Christopher Grimes Gallery is pleased to announce an exhibition of photographs by Ulrich Wüst. This will be Wüst’s first exhibition with a U.S. gallery.
Trained as an urban planner, Wüst came to photography in the 1970s as a rhetorical tool for studying the development of cities. This work quickly developed into a critique of the East German approach to city building and led ultimately to a conceptual approach to portraiture of the Socialist state. In the Stadtbilder series, Wüst photographed East German cities that were slow to recover from wartime destruction, bringing emphasis to the massive, soulless housing structures that emerged in the rise of the Socialist regime and that failed to address the rehabilitation of the cities’ historic city centers. As Wüst recalls: “I wanted to create a landscape of the soul, drawing attention to what we had done to ourselves with our city planning.” Concurrent with the exhibition, the Stadtbilder series will be featured in documenta 14.
Wüst remained in East Berlin after the fall of the Berlin Wall, where he began photographing left behind objects from the homes of those who abruptly fled the city. In these photographs from the Nachlass series Wüst captured the intimate architecture of everyday life, creating the objects’ historical portraits, and ultimately a portrait of their former owner, before they were disposed of and forgotten.
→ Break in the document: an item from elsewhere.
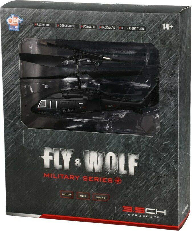 Helikopterissa sisäänrakennettu 3.7V 130mAh LI-poly akku. USB-latauskaapeli sisältyy. Ohjain vaatii 3xAAA paristot (ei sisälly). Kopteri liikkuu ylös ja alas, eteen- ja taaksepäin sekä kääntyy oikealle ja vasemmalle. Ikäsuositus 14+.

Ulrich Wüst has lived and worked in Berlin since 1972, where he continues to photograph the evolution of German cities and their historic memory. Wüst’s first solo exhibition in the U.S., Public and Private: East Germany in Photographs by Ulrich Wüst, debuted at the MIT Museum in Cambridge, MA in 2015 and travelled to the Chrysler Museum of Art in Norfolk, VA in 2016. Wüst’s work has been collected by the Berlinische Galerie, the Deutsche Genossenschaftsbank, the Art Collection of the German Bundestag, the Berlin State Museums, and the Museum of Prints and Drawings Berlin, and has been featured in solo exhibitions throughout Europe.